---------- RECORDS PROVIDED ----------
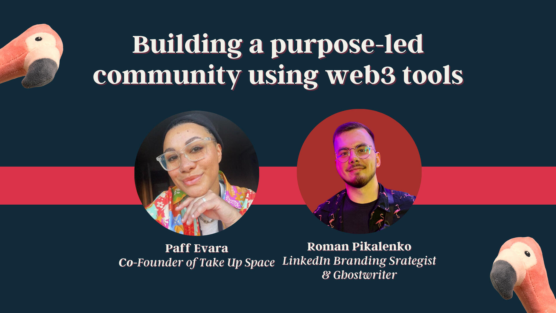 Join Paff Evara and me where we talk about their path (pun intended) to building a purposeful and decentralized community - Take Up Space - as well as:→ Empowering your community through ownership
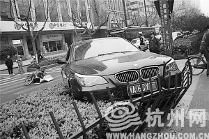 记者核实:事情发生在6点多,体育场路肯德基武林店门口的斑马线前,一辆宝马冲进了绿化带,被撞的电动车车主姓徐,是万寿亭菜市场的一位摊主。徐师傅说,早上6点钟,他从杭州大厦送菜回来,准备回万寿亭菜市场。因为这里早上人比较少,所以车子的速度都比较快,所以他过斑马线时也很小心,没想到这辆宝马速度太快,一下就撞到了他的电动车,然后冲进了绿化带。司机是一名男子,从驾驶室出来后,脸色红红的,还有一股酒气。不过幸运的是,徐师傅并没有受伤。目前,事故下城交警大队正在进一步处理中。
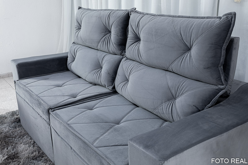 O assento é feito com percintas Italiana, molas bonnel e espuma D28 espessura. Além disso, as corrediças para movimentação do assento no abrir e fechar são em tubo de ferro.
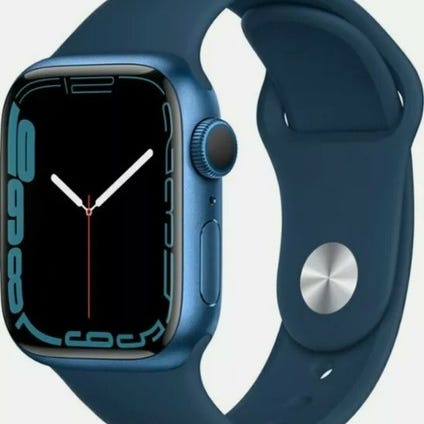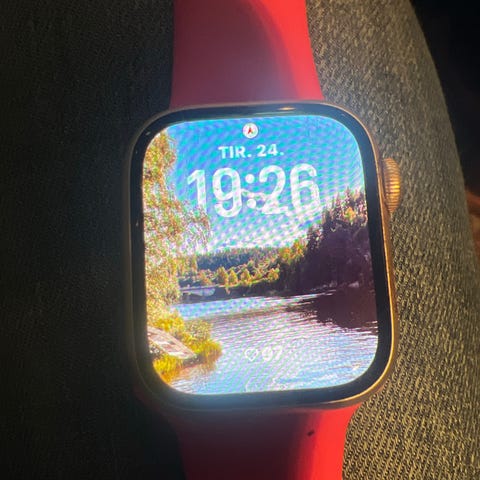 Jeg selger min Apple Watch Series 7 GPS + Cellular i 45 mm med sort gummireim. Klokken er i god stand med noe bruksmerker som kan ses på bilde.
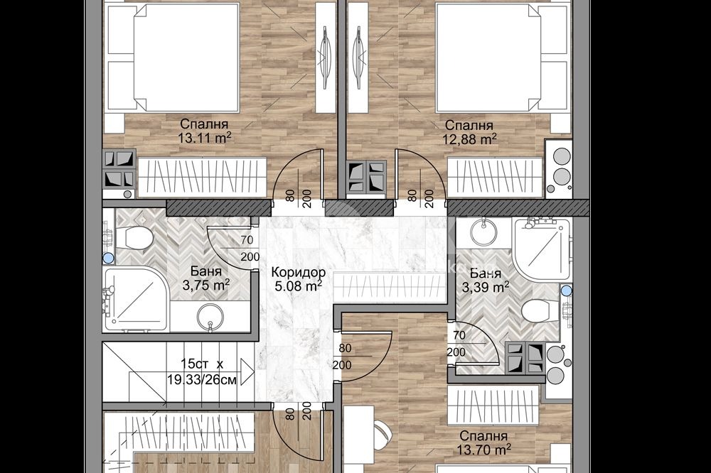 ВЕЧЕ С АКТ 14 Функционален мезонет, разположен на девети и десети етаж. Състои се от: първо ниво: преддверие, хол с трапезария и кухненски бокс с чиста площ 44.51 кв.м., спалня 12.92 кв.м., гардеробно помещение, две санитарни помещения, склад и южна тераса; второ ниво: три спални с чиста площ 13.11 кв.м., 12.88 кв.м. и 13.70 кв.м., кабинет от 10.69 кв.м., две санитарни помещения и тераса. Изложенията са юг, север, изток. Има възможност за покупка на гараж или паркомясто.
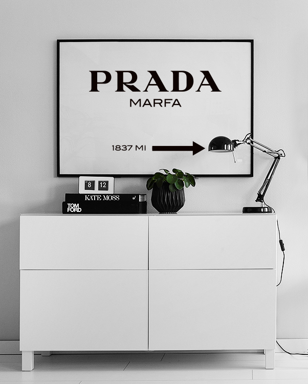 Design Osobní výběr Černobílý tisk s logem Prada Marfa. Moderní klasika! Toto logo Prada Marfa má jednoduchý, ale elegantní design, který si snadno zkombinujete s jinými našimi módními plakáty k sestavení trendy nástěnné galerie. Skvěle se hodí do pokoje teenagera, který si chce vytvořit vlastní atmosféru ve svém pokoji.
----------
▶ **YOUR GOAL**: All pictures are to be dropped, and the records above returned exactly.

▶ **WRITTEN SOLUTION**:
 Join Paff Evara and me where we talk about their path (pun intended) to building a purposeful and decentralized community - Take Up Space - as well as:→ Empowering your community through ownership
 记者核实:事情发生在6点多,体育场路肯德基武林店门口的斑马线前,一辆宝马冲进了绿化带,被撞的电动车车主姓徐,是万寿亭菜市场的一位摊主。徐师傅说,早上6点钟,他从杭州大厦送菜回来,准备回万寿亭菜市场。因为这里早上人比较少,所以车子的速度都比较快,所以他过斑马线时也很小心,没想到这辆宝马速度太快,一下就撞到了他的电动车,然后冲进了绿化带。司机是一名男子,从驾驶室出来后,脸色红红的,还有一股酒气。不过幸运的是,徐师傅并没有受伤。目前,事故下城交警大队正在进一步处理中。
 O assento é feito com percintas Italiana, molas bonnel e espuma D28 espessura. Além disso, as corrediças para movimentação do assento no abrir e fechar são em tubo de ferro.
 Jeg selger min Apple Watch Series 7 GPS + Cellular i 45 mm med sort gummireim. Klokken er i god stand med noe bruksmerker som kan ses på bilde.
 ВЕЧЕ С АКТ 14 Функционален мезонет, разположен на девети и десети етаж. Състои се от: първо ниво: преддверие, хол с трапезария и кухненски бокс с чиста площ 44.51 кв.м., спалня 12.92 кв.м., гардеробно помещение, две санитарни помещения, склад и южна тераса; второ ниво: три спални с чиста площ 13.11 кв.м., 12.88 кв.м. и 13.70 кв.м., кабинет от 10.69 кв.м., две санитарни помещения и тераса. Изложенията са юг, север, изток. Има възможност за покупка на гараж или паркомясто.
 Design Osobní výběr Černobílý tisk s logem Prada Marfa. Moderní klasika! Toto logo Prada Marfa má jednoduchý, ale elegantní design, který si snadno zkombinujete s jinými našimi módními plakáty k sestavení trendy nástěnné galerie. Skvěle se hodí do pokoje teenagera, který si chce vytvořit vlastní atmosféru ve svém pokoji.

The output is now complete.